3 Fundamentals Of Data Representation Flashcards
What is the capacity of a device?
The capacity of a device is how much data it can store
Why is it important to know the units of capacity of a device?
It is important to know the units of capacity so that we can compare the capacity of different devices
What is a bit?
A bit is the smallest amount of data that we can store. It is a binary digit, often called a bit for short.
The value can only be either a 0 or 1
Why don’t we use bits to measure data?
The bit is too small for measuring data
How large is a nibble?
4 bits
How large is a Byte?
8 bits
What are the most common units for comparing storing data?
Kilobyte (KB) (1000 bytes).
Megabyte (MB) (1000 KB).
Gigabyte (GB) (1000 MB).
Terabyte (TB) (1000 GB).
What are the three things required to calculate the amount of data that can be stored within a certain capacity?
The three things required to calculate data required storage in a capacity are:
- Size of data being stored
- Available Capacity
- How to convert between units
Why is it important to know the size of data being stored?
The bigger the size of the data being stored, the bigger capacity media will be needed
Why is it important to know the available capacity of our device?
The more capacity available, the more data we can store
Why is it important to know how to convert between units?
To find out if we have enough capacity, it is important to put the capacity of the media and the size of the data into the same units
What is the equation to calculate required capacity of a device?
Required capacity = number of files × size of a single file
What is Denary?
Denary is our number system where we use 10 symbols to represent each digit
What is Binary?
Binary is a number system where only the digits zero and one are used.
Each digits place is multiplied by 2 as we move from right to left.
What is hexadecimal?
Hexadecimal uses 16 different symbols for each place.
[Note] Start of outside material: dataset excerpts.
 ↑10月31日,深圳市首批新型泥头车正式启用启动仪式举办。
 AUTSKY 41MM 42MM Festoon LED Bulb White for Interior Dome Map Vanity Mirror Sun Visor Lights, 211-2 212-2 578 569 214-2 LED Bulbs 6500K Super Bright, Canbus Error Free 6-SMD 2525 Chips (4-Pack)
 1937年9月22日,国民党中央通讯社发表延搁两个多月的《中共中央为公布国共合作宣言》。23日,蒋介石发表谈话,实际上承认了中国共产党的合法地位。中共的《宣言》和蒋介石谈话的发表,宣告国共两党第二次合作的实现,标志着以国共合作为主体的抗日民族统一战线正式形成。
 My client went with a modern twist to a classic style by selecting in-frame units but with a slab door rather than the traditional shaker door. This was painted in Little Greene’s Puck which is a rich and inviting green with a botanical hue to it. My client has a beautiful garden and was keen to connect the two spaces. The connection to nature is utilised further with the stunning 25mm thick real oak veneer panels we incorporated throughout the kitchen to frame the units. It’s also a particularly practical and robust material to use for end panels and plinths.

Hexadecimal uses the digits 0-9 and A-F
Each digits place value is multiplied by 16 as we move from right to left
How do you convert binary into hexadecimal?
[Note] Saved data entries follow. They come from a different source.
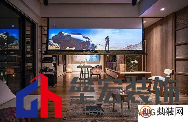 ▲選擇這種安裝方式的一般都是小戶型,也就是說(shuō),電視墻前面的位置另有其它的用處,比如這個(gè)案例的電視墻前面位置還要充當(dāng)書(shū)房使用,但又不想放棄偶爾看一下大片的需求,這種情況下,放一個(gè)大電視顯然是不合適的。但要注意的一個(gè)細(xì)節(jié)是,這個(gè)案例的投影幕布就是后來(lái)明裝的,沒(méi)有隱藏到吊頂里面,裝修效果相對(duì)差一些。
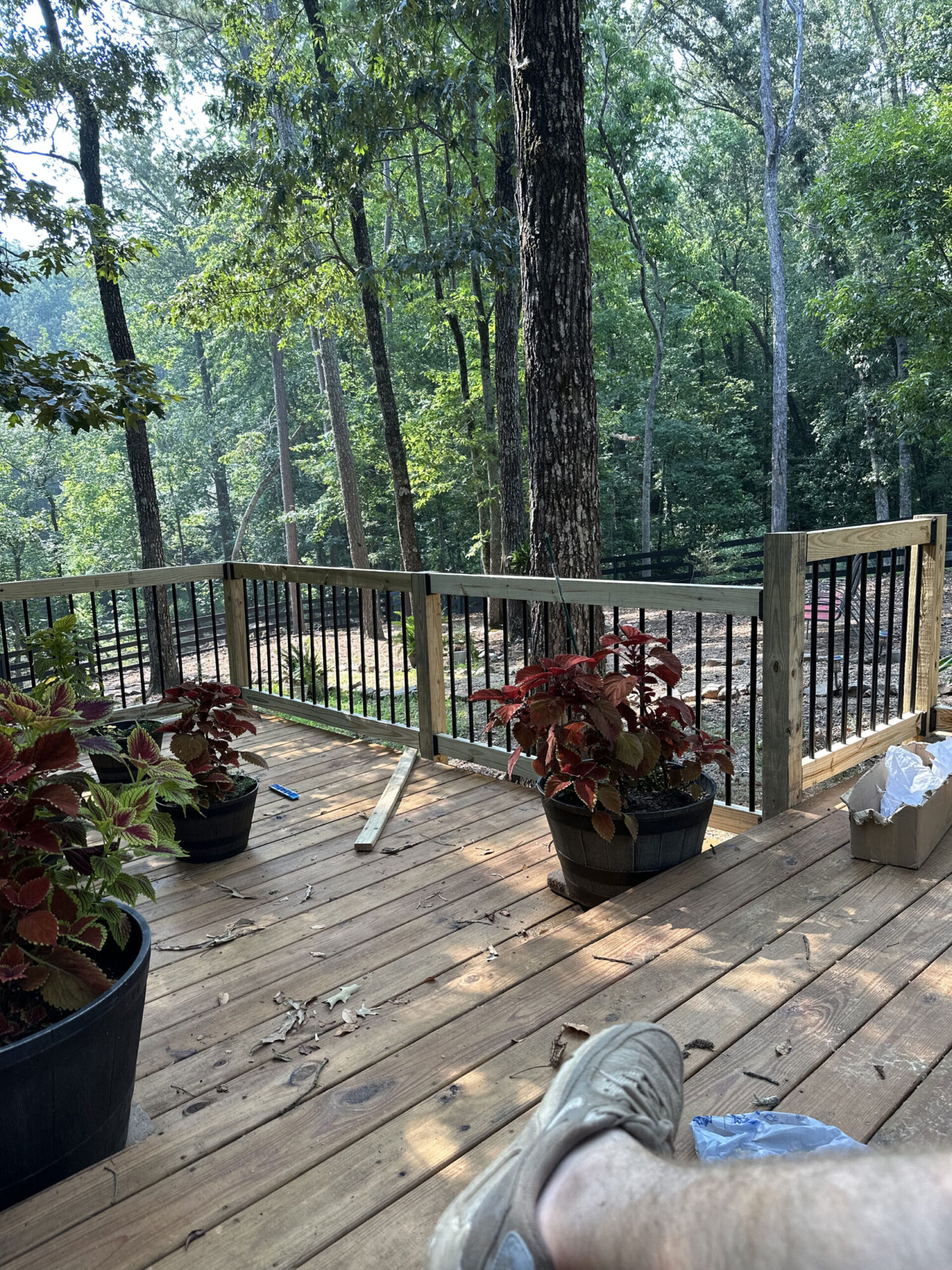 30yr old redwood deck needed to be rebuilt. Client chose Fiberon decking and Fortress aluminum railing. It’s one of our favorites!
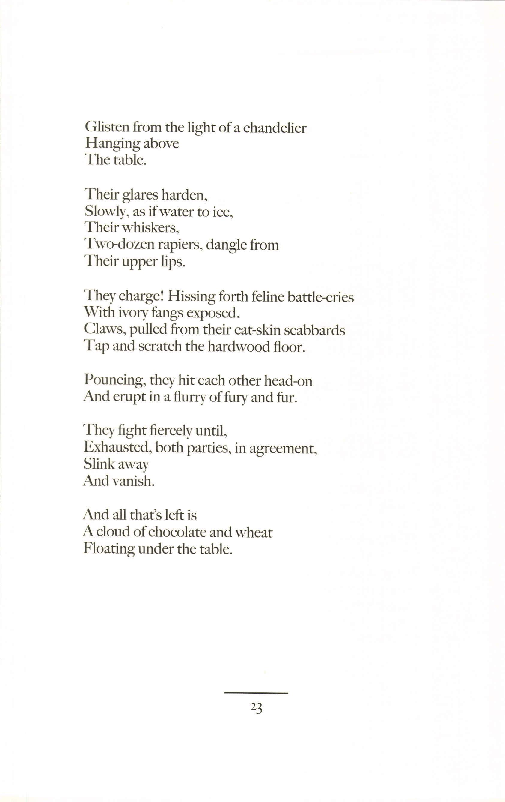 They charge! Hissing forth feline battle-cries With ivory fungr e4posed. Claws, pulled from their car-skin scabbards Tap and scratch the hardwood floor.

First, you split the binary into groups of 4 bits, starting from the right
You then convert each group separately and put the digits together
How do you convert hexadecimal to denary?
To convert from hexadecimal to denary, you should:
Write out the powers of 16 above each hexadecimal digit.
For each place column, multiply the hexadecimal digit by the power of 16 above it.
Add together all of these results.
What are overflow errors?
If a number is carried past the last place column during binary arithmetic, then this is called an overflow error
What do overflow errors lead to?
Overflow errors can lead to inaccurate results and software crashes
What is a binary shift?
A binary shift is a technique for performing multiplication or division on a binary number
Extra 0 bits are added to the start or end of the binary number to fill any missing spaces
What is a right binary shift?
A right binary shift is when each digit is moved once place to the right
This has the effect of dividing the number by two
You must take care when performing a right shift that no data is shifted off the right hand side. This can cause a loss of accuracy.
What is a left binary shift?
A left binary shift, is when each digit is moved one place to the left.
This has the effect of multiplying the number by two.
You must take care, when performing a left shift, that there is no overflow error (where we run out of space to store the last digit of the number)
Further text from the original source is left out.